Net cords - Why saying sorry sometimes hits the wrong note

What are the rules surrounding net cords and do you really have to apologise for them? We look at a surprisingly controversial part of the game and discover that though technology has come to the aid of the pros, the days of the service net cord may be numbered

Every tennis player knows the problem: a rally is going really well, possibily in your favour, when your opponent's ball clips the net, even seems to sit on it for a moment, and then trickles over on to your side of the net. Your opponent, more by luck than judgement, wins the point. A convention has therefore grown up around the 'net cord' that the other player acknowledges his or her good fortune and apologies.

The problem of course, is that if you win the point, you are secretly pleased. As one local club puts it in its etiquette guide, "It is polite to apologise when you win a point mainly because the ball hits the net cord and do try to sound like you mean it even if everyone knows you don’t." But apologising for a winning shot is almost uniquely a feature of tennis - it just doesn't happen in most sports. 

The reasons for apologising are lost in the mists of time but owe something to the "gentlemanly code" that can itself seem to be impossibly outdated today and even to be a reflection of a stuffy, hierarchical society that many of us would prefer to leave behind.

And yet, there is something to be said for this tension-calming acknowledgement of the role of chance in our sport and when a player doesn't apologise it can seriously wind up the other player. In a recent Miami match, the Russian player Daniil Medvedev and rising Greek star Stefanos Tsitsipas appeared to fall out over the lengths of toilet breaks. Then Medvedev lost a point to a net cord and no apology was forthcoming, despite his very vocal demand for one. Not best pleased after the match he tore in to the Greek: “Man, you better shut your f--- up, okay? You go emergency toilet for five minutes during, and then you hit let and you don’t say sorry? You think you’re good kid?” Stefanos's reply was not quite audible. Good karma it was not.

Do you need to Apologise

  • There is nothing in the rules of tennis that insists you say sorry for a net cord. If you don't want to, don't.
     
  • Not all net cords have to be treated the same. Acknowledging a point won by a fluke may be nice; exaggeratedly apologising for a shot that was likely to be a clean winner anyway, may simply be irritating.
     
  • Unless you are really in to the "winning ugly" philosophy of tennis, don't use your acknowledgement of a net cord as a way of winding up your opponent. Fist pumping or laughing hilariously at your good fortune is unsporting and could even breach the League's courtesy rules!
     
  • Build in your reaction to net cords into the way you want to be seen as a player. According to USA Today, Roger Federer - as you might expect - has it sussed: 

Federer says apologising can be overwrought. He doesn't always do it and admits he sometimes mocks the custom.

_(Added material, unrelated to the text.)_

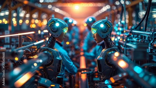 Advanced robots collaborate in a high-tech manufacturing facility during the evening hours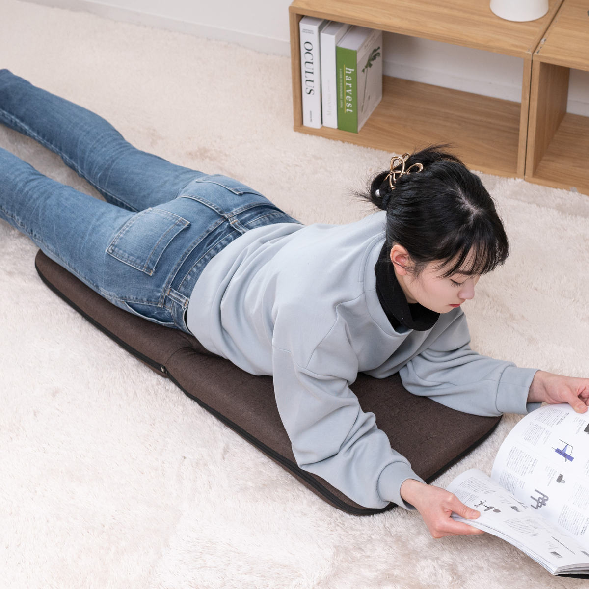 座面の厚さは約7cmで底つき感がなく、季節を問わず快適に使えるポリエステル生地を使用しています。

"Oh, I'm so sorry man, I hit that net cord," the Swiss laughed when describing the fake apologies he issues in training.

In matches, Federer says he communicates contrition with a stare before the next point. "Eye contact and a little gesture, tiny, but the opponent knows I meant it," he says.

Still, the decorum-conscious Swiss calls apologising "classy," and "expected" even if a lucky winner is such a "small part of the puzzle" during a match that it's not really necessary. "I think it's a bit exaggerated to do it every single time," he says.

Net cords on serves

Apologising for a net cord on a serve is far less common and unnecessary as the point is re-played. But the service let is itself under threat. Its critics believe it unnecessarily slows down the game and they suggest that returners should play balls that hit the net but are not otherwise faults. American junior tournaments have done this for the last decade and the Aussie FAST4 format actively champions no-let serving.

On the main Tour, the ATP uses no let serving for its young guns Next Gen annual tournament: "The No-Let rule is applied to serves, bringing in an additional element of unpredictability at the start of points," says the ATP. "This rule removes any ambiguity over let calling from umpires, ensuring the rule is consistent with normal ‘let’ occurrences during regular point exchanges."

Some critics go even further: in the main tour, when a serve hits the net, it can be taken again if the ball lands in the correct service box. But if the logic is that the ball becomes 'dead' as soon as it hits the net, does it matter where it lands? Shouldn't all serves which hit the net cord be re-played, irrespective of whether they land in the service box or not.

The net cord sensor

Umpires on the Pro Tour have the benefit of net technology to tell them if a serve is a let or not. Wimbledon introduced a net cord sensor back in 1974, craftily adapting the pick-up from an electric guitar to capture vibrations but despite this retained its net cord judge (finger on cord) for many years. 

Controversially, there have been occasions when the net cord sensors appear to have got it wrong with suggestions that Hawkeye technology would be a better judge of whether a ball trajectory had been affected by hitting the net.

At Local Tennis Leagues the let rule on serves remains in place, and we leave it up to players to decide whether or not they want to apologise for net cords during a rally.